La preghiera... Sì, il
padre Rotondi ha ragione imputando all'«abbandono della preghiera», effetto
della «scomparsa del bisogno di pregare», l'«attuale crisi religiosa»:
crisi paragonabile a quella dell'organismo che non si nutre non appetendo più
il cibo, e non è tanto, per molto che sia, la qualità del cibo, la
repellenza delle preghiere che si dicono, si cantano, si strimpellano oggi nelle
chiese, quanto il deprezzamento della preghiera in questo clima del post-Concilio,
a causarne l'abbandono.
Di questo clima è emblematico il gesto del disgraziato - portacartelli in
tonaca al servizio dei comunisti - che strappa pubblicamente la sua corona del Rosario
per significare lo strappo di ciò che si deve credere e fare da ciò
che si è creduto e fatto prima d'ora, prima del Concilio, ed emblematicamente
si oppone a quello di Pio X che dice: «Datemi una schiera, un "esercito
" di cristiani che reciti la corona e io convertirò il mondo».
La corona, per dire, appunto, la preghiera, il ricorso a Dio - sine quo nihil,
in quo omnia - contro il «nuovo corso», la nuova «religione»
che di Dio fa a meno e si chiama laicismo.
Gli dobbiamo, in politica, noi italiani con una maggioranza legislativa cattolica,
o almeno eletta da cattolici, l'esclusione del nome di Dio dalla nostra Costituzione:
esclusione che ci allinea, fra tutti i paesi civili, anche non cattolici e non cristiani,
alla sola Unione Sovietica, la sola, infatti, che, come la nostra, lo ignori; e voglio,
qui, ricordare, a nostro rossore, ciò che un non cattolico, un famoso «laico»,
non arrossì di proporre per la riapertura del parlamento.
Lo riferisce Gigi Ghirotti in una pagina di quel suo diario di malato inguaribile
(Lungo viaggio nel tunnel della malattia) che ci piace riportare anche per
quello che vi si dice della potenza emotiva d'una di quelle preghiere del passato
che si son volute distruggere per surrogati che lasciano muta l'anima e ghiaccio
il cuore... Era in ospedale, un giorno di primavera, una mattina di Pentecoste, e
sentì, nell'intimo, svegliarsi qualcosa che apparteneva ad anni lontani: un
inno che aveva sentito e cantato in chiesa nella sua fanciullezza e premeva, ora,
nuovamente, con tanta soavità alle sue labbra ma senza poterne uscire non
ricordando egli le parole. «Quel mattino mi sentivo giusto l'anima in forma
di cattedrale e d'inno: ma con chi scioglierlo, quest'inno?» Ne chiese al suo
vicino di letto, ma egli, prostrato dal male, altro non sentiva che quello.

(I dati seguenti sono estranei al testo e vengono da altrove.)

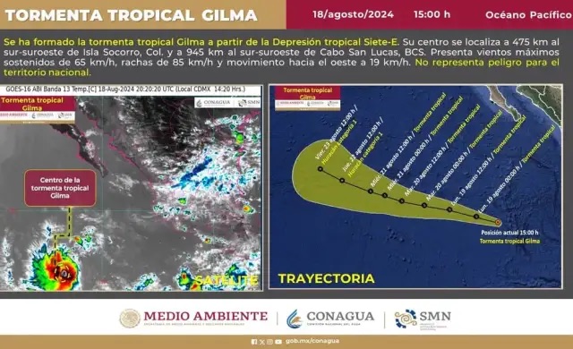 La tarde de este domingo se formó la Tormenta Tropical Gilma a 475 km al sur-suroeste de Isla Socorro, en Colima, y a 945 km al sur-suroeste de Cabo San Lucas, en Baja California Sur, confirmó el Servicio Meteorológico Nacional (SMN), el cual prevé que el jueves se convierta en huracán de categoría 1.

Entrarono,
per una visita di carità, due chierici americani, del seminario del Gianicolo,
ed egli li interrogò. «Domandai», egli racconta, «a un di
loro», un giovane di Detroit, «se nel loro seminatio si studia latino
e si canta in gregoriano. «Perché vuol sapere questo? Perché
ho bisogno d'un inno perduto. Tanti anni fa aggiunsi - l'Italia, che era stata per
lungo tempo divisa in due dalla guerra, tornò a riunirsi. Si riapriva il Parlamento;
ma subito, alle prime battute, ci si avvide come e quanto il Paese fosse ancora diviso».
La divisione era circa il modo di «solennizzare l'evento» e tra i modi
ci fu appunto, continua il Ghirotti, quello proposto dal più autorevole fra
i membri del consesso: «Tra questi pareri discordi, si alzò infine la
voce d'un vecchio filosofo liberale, Benedetto Croce, che, da posizioni di insospettabile
laicismo, suggerì che parlamentari d'ogni partito e d'ogni idea intonassero,
nell'atto di aprire la pagina della nuova storia, un inno, il Veni Creator Spiritus.
Ora anch'io», il Ghirotti sèguita (e mi si lasci, per quel che ho detto,
seguitare con lui) «avevo bisogno d'un inno, di quell'inno: m'aiutassero a
ripescare dalla memoria il Veni Creator... Il giovane venuto da Detroit se
lo ricordava: l'aveva cantato - ragazzo - nel coro della parrocchia. Mi prese per
le mani: lo cantammo insieme sottovoce, forse un po' commossi. Alle parole "accende
lumen sensibus", l'infelice signor Saverio» (il vicino di letto) «aveva
già i lucciconi».
Prima di Croce un altro «laico» (e che «laico», in tempi
di che laicismo!) aveva insegnato ai nostri legislatori e governanti d'oggi, e dico
nostri riferendomi principalmente ai cattolici, il Nisi Dominus aedificaverit...
Nisi Dominus custodierit... Insegnato, insegnando loro a vincere il rispetto
umano, la vile vergogna di rammentare, di pronunziare il Nome di Dio, pur se membri
di una parte politica che si cognomina «cristiana». Non se ne vergognò
il fondatore e fu il solo: dopo di lui, decine di uomini eletti coi voti dei cattolici,
raccomandati dai Vescovi si sono succeduti al suo posto di capo del Governo, decine
e decine sono stati ministri, pronunziando, in centinaia e centinaia di discorsi,
milioni e milioni di parole, senza che quella parola di tre lettere, senza che quel
Nome sia uscito da quelle bocche una sola volta.
Ed ecco il «laico», ecco il Carducci (del discorso, più celebre
che conosciuto, di San Marino):
«Dio volle si rifacesse da povera gente latina quassù ciò che
è anima e forma primordiale nel reggimento del popolo italiano... Dio volle
e vuole che questo San Marino rimanga, memoria, testimonianza, ammonizione».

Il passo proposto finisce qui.